Ron Mills, VP of Finance and Investor Relations
Yes, Gregg, I think it's clear that the gas prices play a crucial role in determining our EBITDAX, which is a key component of that ratio. The gas prices will significantly impact where we land. It's important to note that we assess this over a full four-quarter period within any single quarter. However, we are consistently monitoring our position. We had anticipated reaching that 3, 4 level, and we were fortunate to maintain it. We'll keep a close eye on it in the third quarter just as we did in the second quarter. Regarding the dividend, we are not considering it until we reduce our leverage significantly and look further ahead. Our primary focus is on generating strong free cash flow, which will be used for debt reduction to bring our leverage ratio closer to the levels we experienced in 2022, ideally under 1 times leverage.
Roland Burns, CFO
We were really monitoring the second quarter. And again, we did stay fine in the third quarter. We didn't expect gas to be $1.90 on Monday. So you do look at that price and say, well, okay, so you got to really monitor the third quarter. And then in the fourth quarter, we would expect a little price appreciation and the hedges come in and help.
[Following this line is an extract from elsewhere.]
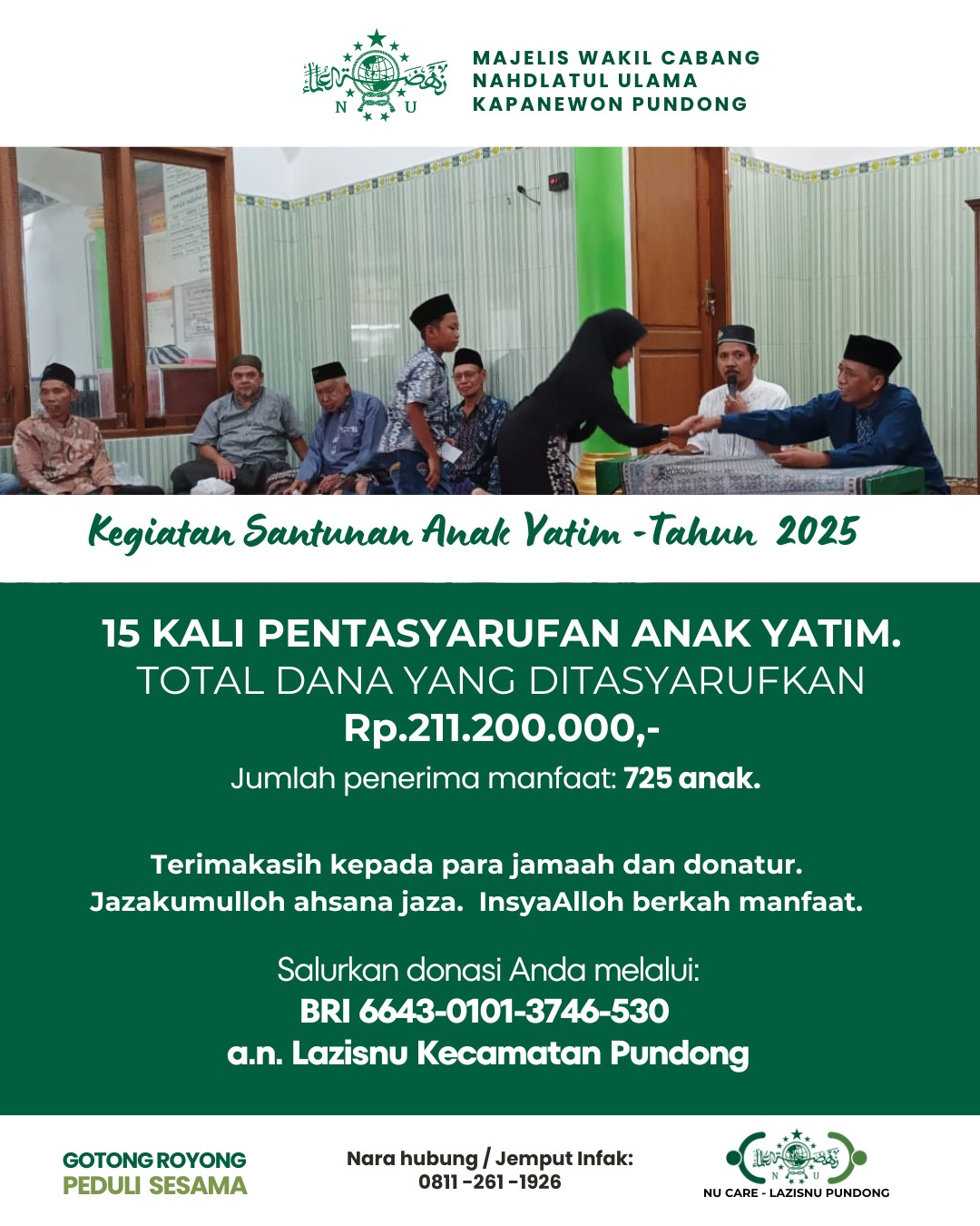 UPZISNU PUNDONG SALURKAN SANTUNAN ANAK YATIM RP. 211,2 JUTA SEPANJANG 2025

And then we have, I think we've adequately hedged for '25, '26 so far, with 35% of our production hedged at the 350 plus range. And as we said in the opening, our goal is to hedge at least 50% of all of the '25, '26 production. So we are getting out of the 20% plus hedge environment into the 50% environment.
Gregg Brody, Analyst
I appreciate the time, guys, and the education.
Ron Mills, VP of Finance and Investor Relations
Thank you, Gregg.
Operator, Operator
Thank you. I would now like to turn the conference back to Jay Allison for closing remarks. Sir.
Jay Allison, CEO
Thank you for your time. We've run over our scheduled hour, but as a company, we've always had a vision. Regarding the drilling of the horseshoe wells at 15,000 feet, we aim to reinvigorate a significant gas play, which is currently the Western Haynesville. We actively monitor gas supply levels, which have been trending down recently. Over the past several weeks, gas storage levels have dropped from 38% above the five-year average to about 16% above. We're entering a critical time in summer, and we notice that LNG is now over 13 fleet per day, and Freeport is operational again. Looking beyond September and October, we anticipate the startup of Corpus Stage 3, suggesting a strong fourth quarter in 2024 for the LNG fleet, which will extend into 2025. We are dedicated to managing our resources effectively while safeguarding our balance sheet. I also want to acknowledge the Jones for their significant investment in the acreage we've been acquiring, which I believe has substantial value. Thank you again for your time. We truly appreciate it.
Operator, Operator
This concludes today's conference call. Thank you for participating. You may now disconnect.